In this lesson we'll be working with the [Microsoft's Planetary Computer (MPC)](https://planetarycomputer.microsoft.com) STAC API. 

## MPC Catalog 
First, load the necessary packages:

In [2]:
import numpy as np
import matplotlib.pyplot as plt
import geopandas as gpd
import rioxarray as rioxr
from shapely.geometry import Polygon

from pystac_client import Client # To access STAC catalogs

import planetary_computer #API for planetary computer

from IPython.display import Image # To nicely display images

### Access
We use the `Client` function from the `pystac_client` package to access the catalog:

In [3]:
# Access MPC catalog
catalog = Client.open(
    "https://planetarycomputer.microsoft.com/api/stac/v1",
    modifier=planetary_computer.sign_inplace,
)

The `modifier` parameter is needed to access the data in the MPC catalog.

### Catalog Exploration


In [4]:
# Explore catalog metadata
print('Title: ', catalog.title)
print('Description: ', catalog.description)

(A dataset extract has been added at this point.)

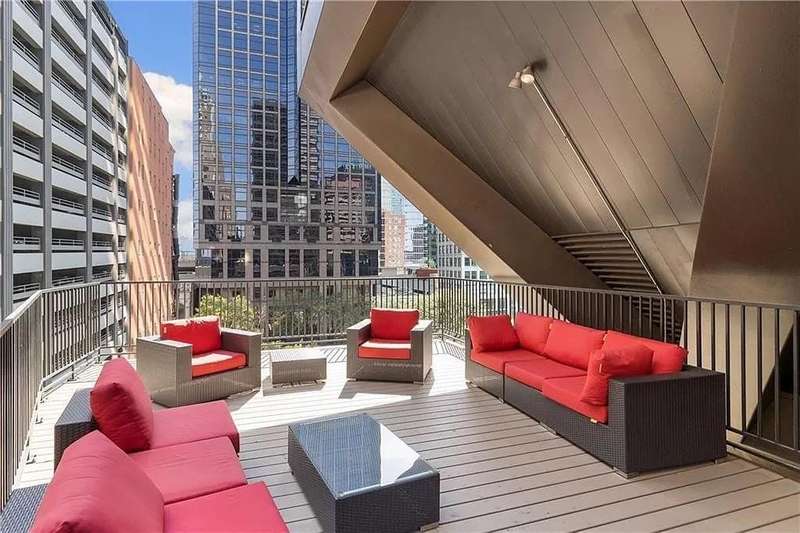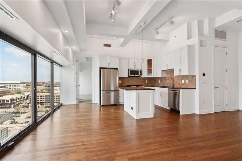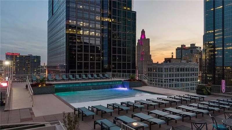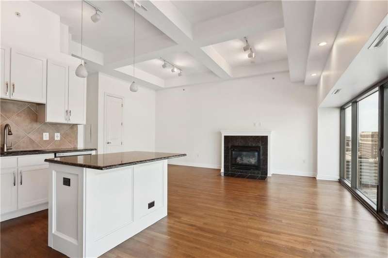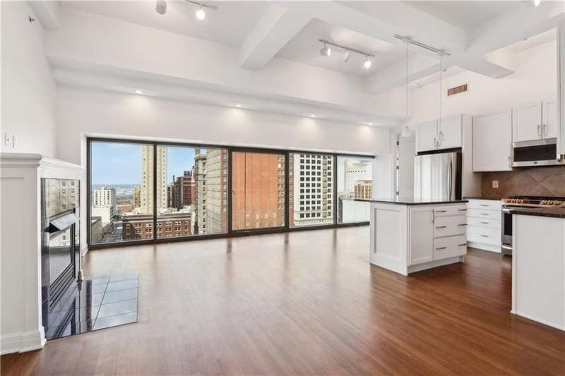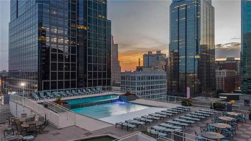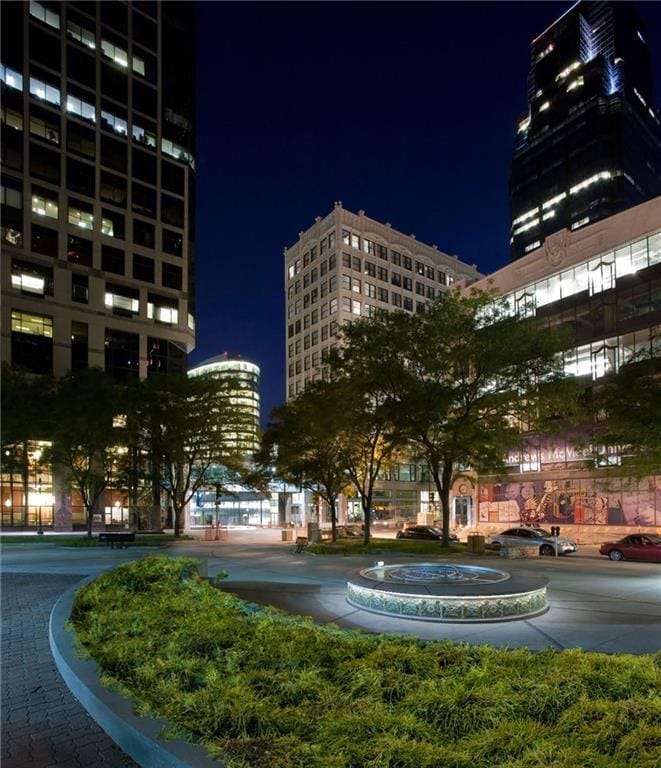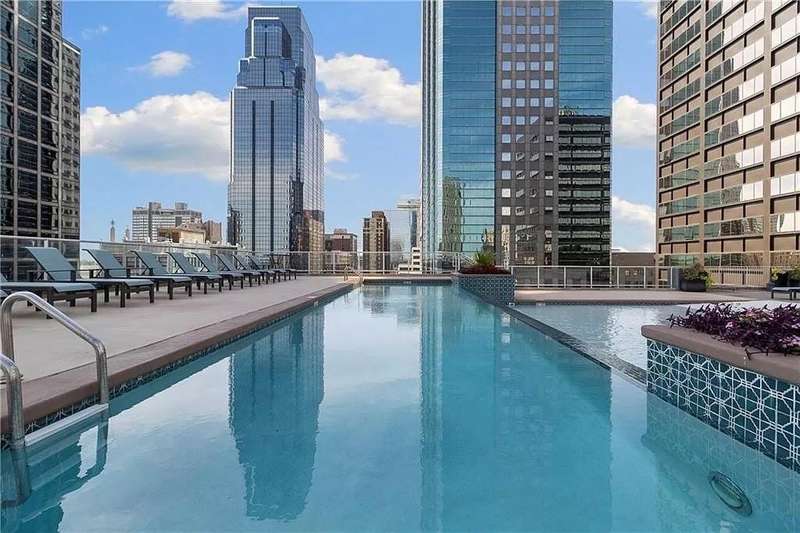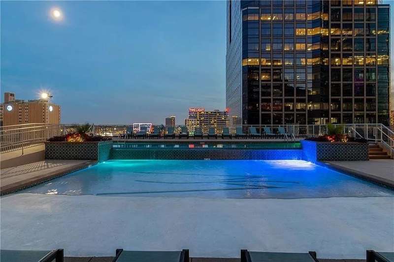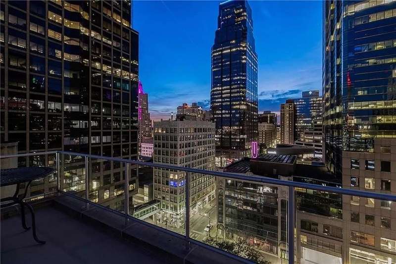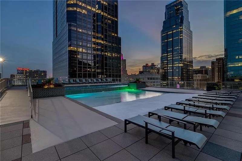 Luxury condo with amazing 12th floor view of downtown Kansas City. Vaulted ceilings and floor to ceiling windows provide rooms full of natural light. Gas fireplace. Updated and move-in ready with fresh paint, refinished hardwood floors and new carpet. Large open kitchen with stainless steel appliances that stay, gas stove, granite countertops and perfectly placed island. Roomy bedroom faces north towards the river. Bathroom suite has dual sinks with new faucets, jetted soaker tub, walk-in shower and large walk-in closet with washer/dryer. Nest thermostat. Exceptional amenities include 24/7 security, fitness center, viewing deck and outdoor lounge, party room, theatre, rooftop pool, putting green, pub room and conference room. Community events held continually. Two secured parking garage spaces, storage unit & Google Fiber. Two blocks to the Power and Light District, close proximity to shopping, restaurants, entertainment, T-Mobile Center & intersecting major highways for quick access to the metro. 1 block away from the Street Car! This condo is a downtown KC gem.

Title:  Microsoft Planetary Computer STAC API
Description:  Searchable spatiotemporal metadata describing Earth science datasets hosted by the Microsoft Planetary Computer


We can access its collections by using the `get_collections` method:

In [5]:
catalog.get_collections()

<generator object Client.get_collections at 0x1505bbab0>

The output is a **generator**:

- a special kind of **lazy object** in Python over which you can iterate over liek alist
- the items in a generator don't exist in memory until you explicitly iterate over them or conver them to a list
- allows for more efficient memory allocation
- once the generator is iterated over completely, it cannot be resued unless it is recreated.

In [6]:
# Get collections and print their names

collections = list(catalog.get_collections()) # Turn generator to list

print('Number of collections: ', len(collections))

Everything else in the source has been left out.